Варлам Шаламов

Чеслав Горбачевский

Смещение человеческих масштабов: «фашист» в «Kолымских рассказах»

Чеслав Горбачевский

Во времена Большого террора и безудержной пропагандистской кампании, сопровождавшейся неправедными судами над инакомыслящими, употреблялись ярлыки, «специально сконструированные для политических нужд»[1] и прочно вошедшие в советский новояз сталинского периода: «вредители», «диверсанты», «троцкисты», «враги народа», «шпионы», «пособники», «фашисты» и т.п. Главная цель «новоязовских слов и грамматических форм»[2] была, как известно, в дискредитации политических оппонентов и врагов советской власти, зачастую мнимых.

Некоторые из таких слов встречаются и в документально-художественных текстах различных циклов «Kолымских рассказов» В. Шаламова. Одно из самых частотных в этом ряду — слово «фашист». В «Современном словаре иностранных слов» зафиксированы такие определения этого понятия: «Фашист — сторонник и последователь фашизма, член фашистской организации»[3].

«Фашизм [ит. fascismo < fascio — пучок, связка, связка, объединение] — реакционное политическое течение, возникшее в ряде стран после первой мировой войны, а также форма тоталитаризма, открыто террористическая диктатура, уничтожающая демократические права и свободы, опирающаяся на прямое насилие, шовинизм и расизм <…>»[4].

В нашей статье мы попытаемся дать ответ на вопрос, насколько исходные определения слова «фашист» соответствуют тем смыслам, которые реализуются в контексте рассказов В. Шаламова.

Одно из первых упоминаний этого слова-ярлыка встречается в рассказе «Ягоды» (1959), в том эпизоде, где вохровец Фадеев жестоко избивает лежащего на снегу, обессилевшего от общих работ, едва живого, голодного доходягу. «Восстановление законности» сопровождается обличительно-воспитательной речью о самом главном во время экзекуции — патриотизме:

«— Слушайте, старик, — сказал он (т.е. вохровец. — Ч.Г.), —быть не может, чтобы такой лоб, как вы, не мог нести такого полена, палочки, можно сказать. Вы явный симулянт. Вы фашист. В час, когда наша родина сражается с врагом, вы суете ей палки в колеса.

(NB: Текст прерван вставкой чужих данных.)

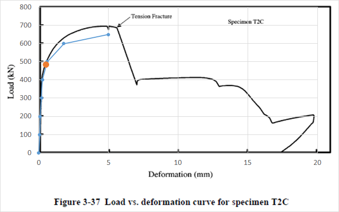 It is important to note that the 5% limit plastic strain (orange dot in the graphs below) is reached at very small deformation and long before any fracture. The tensile fracture occurs at 45% and 42% plastic strain for geometry T1 and T2B/C, respectively. The shear planes are even more ductile but the load resistance is already decreased significantly.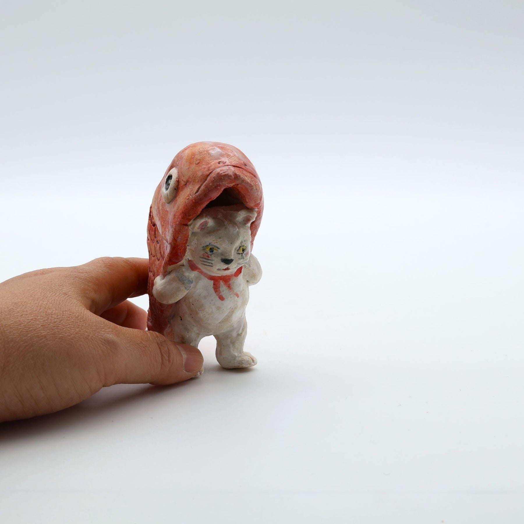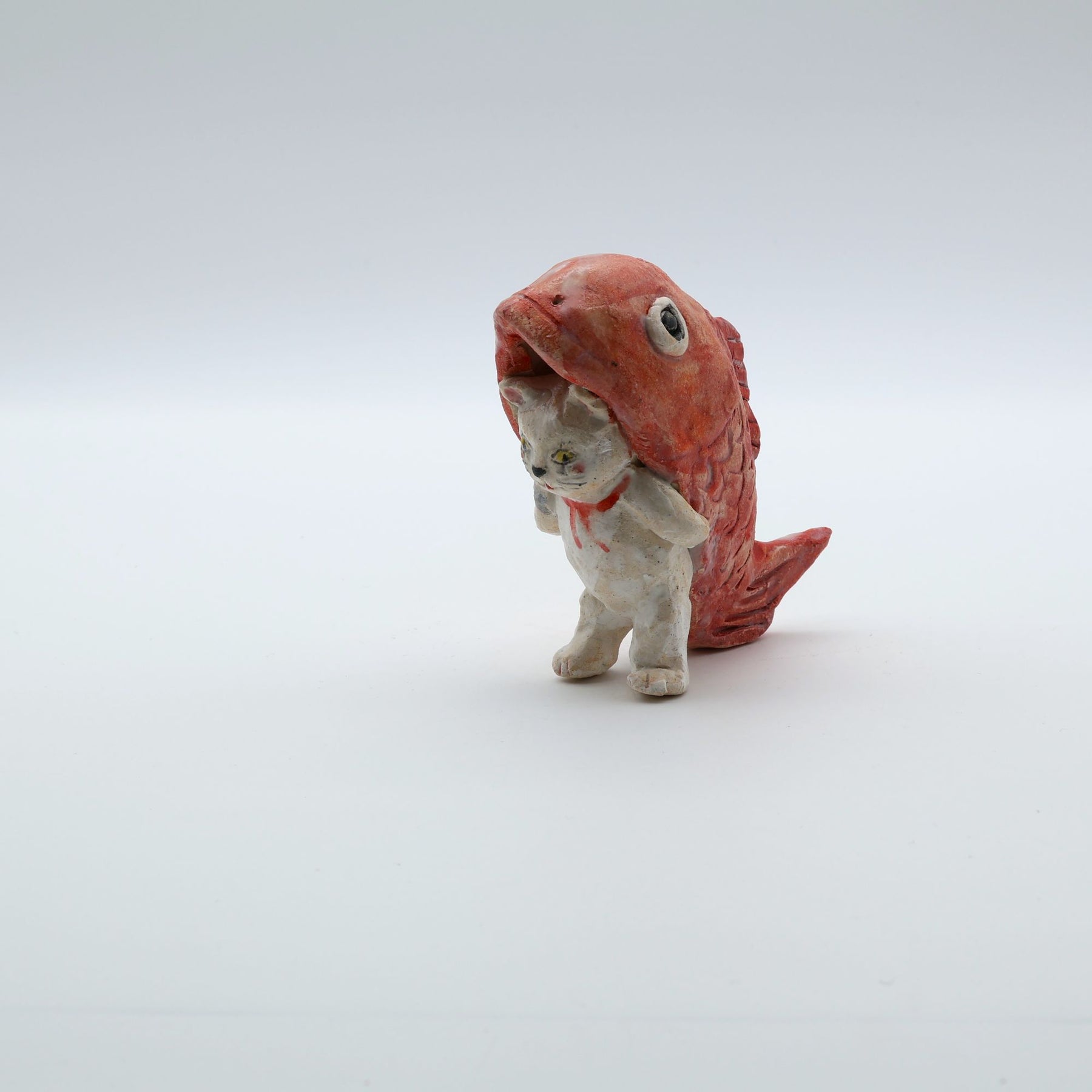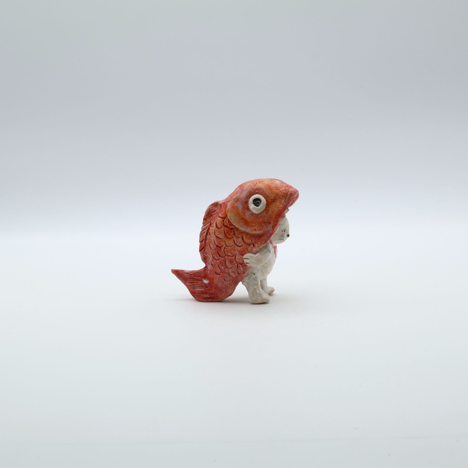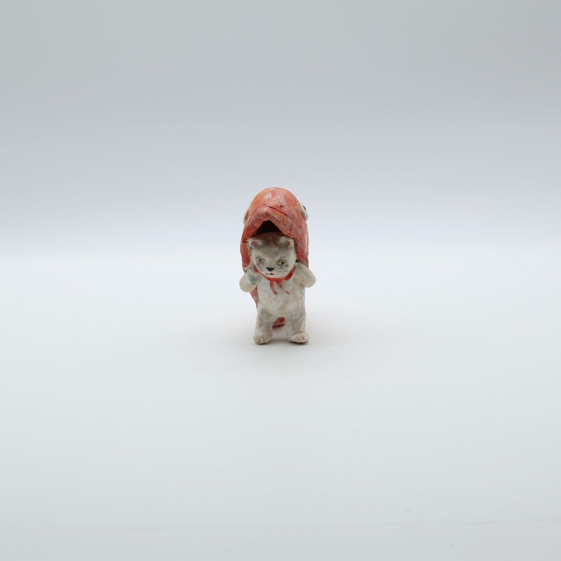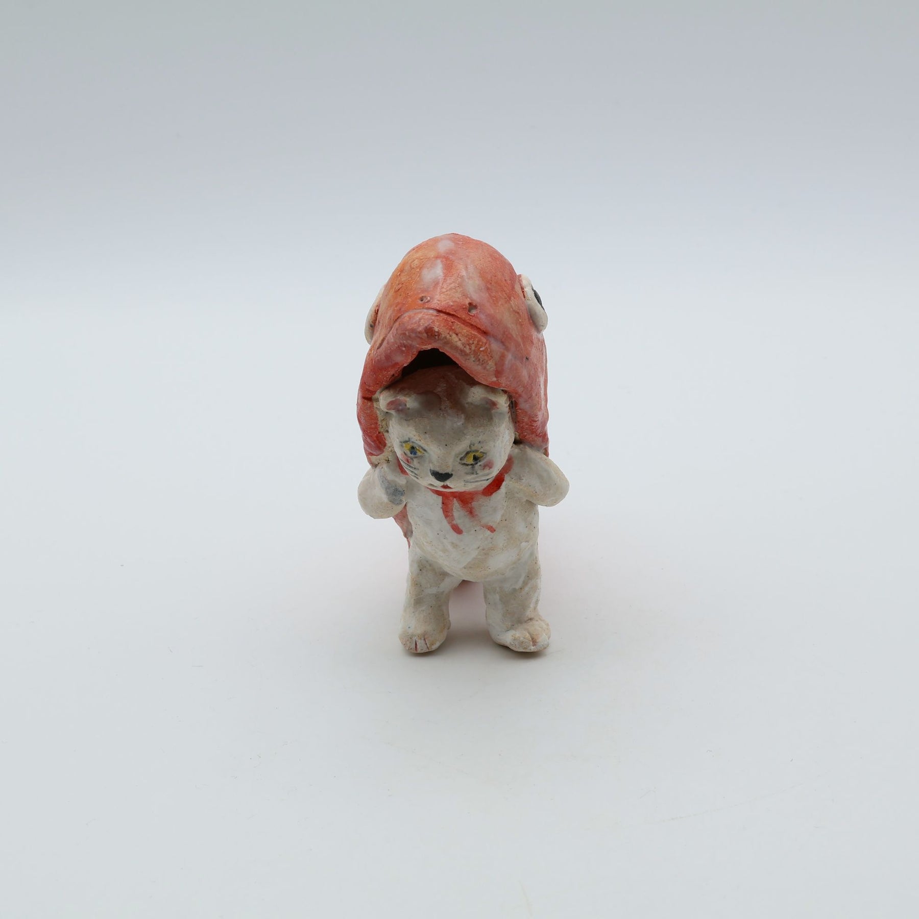 こちらはタイをかぶったねこのオブジェ。おとなしいふりをする意味の「猫を被る」ということわざがありますが、その猫が鯛を被っているこの状態は何を意味するのでしょうか。「めでたい」に通じる縁起物の魚にあやかりたいのかもしれません。新しいことわざが生まれそうな予感です。

Я не фашист, — сказал я, — я больной и голодный человек. Это ты фашист. Ты читаешь в газетах, как фашисты убивают стариков. Подумай о том, как ты будешь рассказывать своей невесте, что ты делал на Kолыме»[5].

В приведенном фрагменте звучат две противоположные точки зрения на то, кто на Kолыме фашист — избиваемый или избивающий.

В повести Г. Демидова «Без бирки» (1966) в диалоге между вохровцем и зэка сталкиваются те же диаметрально противоположные точки зрения:

«— Ладно, сволочь фашистская, ты у меня в карцере насидишься! — злобно пригрозил сержант, пряча в карман вынутые было наручники.

— Это ты — фашист! — раздался в ответ голос Kушнарёва.

Начальник конвоя остолбенел от неожиданности и злости. Он был убежден в своем праве оскорблять заключенных, но ему и в голову не приходило, что сам он и его команда мало чем отличаются от молодчиков из СС»[6] [4, с. 169].

Обложка книги Чеслова Горбачевского«Каторжная Колыма и поэтика памяти»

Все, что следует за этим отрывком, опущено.